Each reversal is intended to have cost P.⁴ So the total cost is going to be the sum of each step’s costs. Can we pick a distribution of them that sums to C while remaining compatible with the array bounds?

At each step, P has to be 1 or more, since that was the case for reversort: all reversals necessarily reversed at least one element. At step \(i\) (remember they count down), we’re bounded by the end of the list, so \(i+P-1\) cannot be greater than N, so \(P \le N-i+1\).

As discussed above, a list of N elements necessarily reverses \(N-1\) or more elements, so we can trivially dismiss those cases as impossible. We can also virtually discount them from our budget: this way we won’t have to worry too much about keeping enough budget to be able to complete the algorithm. Remove \(N-1\) first, then count all reversals as consuming as much budget as the sublist’s length without counting the minimum.

Transcribing that back to P constraints, we’ll have \(0 \le P \le N-i\).
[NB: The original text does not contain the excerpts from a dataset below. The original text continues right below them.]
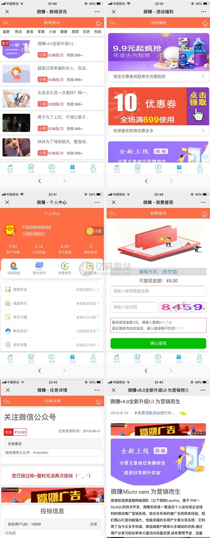 YM910-全新UI微信任务微赚系统,文章分享转发,威客任务,小说广告联盟赚钱系统微信朋友圈引流裂变
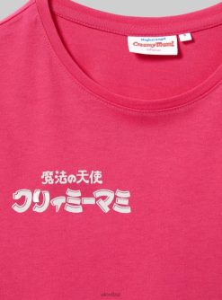 Short-sleeved T-shirt made of 100% cotton with Creamy License print. Fit: crop fir. The size in photo is a S. Model height: 175 cm.
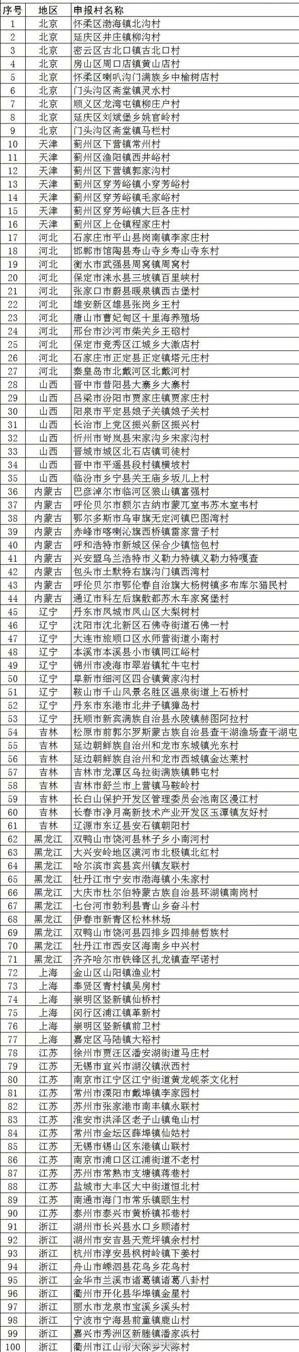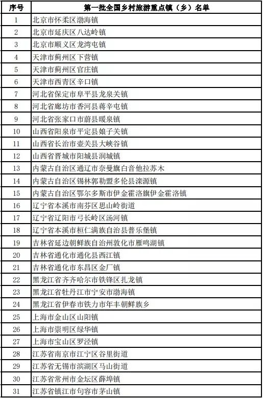 第一批全国乡村旅游重点镇(乡)名单(100个)
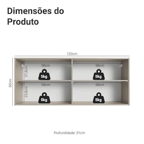 O Armário Aéreo de 120 cm da linha Nice da Madesa é uma solução prática complementar sua cozinha com organização. Com duas portas e quatro nichos internos, ele oferece ótimo espaço para armazenar louças, mantimentos, utensílios e muito mais.
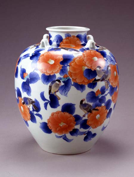 色染付椿ニ文鳥花瓶(いろそめつけつばきにぶんちょうかびん)【令和2年4月28日公開】

The remaining problem is merely to consume enough of the remaining budget before reaching the end. That’s a rather easy problem to solve: we can simply greedily consume as much as is available per step, until the algorithm completes. This will make for an easy check of success: the remaining budget has fallen to zero. We won’t even need to ensure our earlier computation of maximum cost is correct.

-- | Shuffle [1..n] for an exact cost of c, if possible.
revershuffle :: Int -> Int -> Maybe [Int]
revershuffle n c = go (n - 1) [n] (c - n + 1) where
  go _ _ b | b < 0 = mzero
  go 0 l b = guard (b == 0) *> pure l
  go i l b =
    let p = min (n - i) b
        (before,after) = splitAt p l
    in go (i - 1) (reverse (i : before) ++ after) (b - p)

It’s expressed recursively, so it reads a bit different to the pseudocode, but it really works the same. The go helper takes and maintains the same i and L parameters, and an additional B one for the remaining budget. The recursion starts with \(i=N-1\) and ends when \(i=0\), either with a successfully revershuffled list, or in error if the whole budget wasn’t consumed. The other error case is overspending the budget.⁵

This concludes the qualifier’s problems A and C solutions. The complete code with I/O handling is on my github.

See you soon for problem B!

Post-scriptum: the round editorial mentions that

I beg to differ. I did the bounds analysis and agree it qualifies as math, but implementing the common sense algorithm doesn’t. The upper bound doesn’t need to be pre-checked for feasibility: it’s enough to iterate, pass it, and recognize the failure.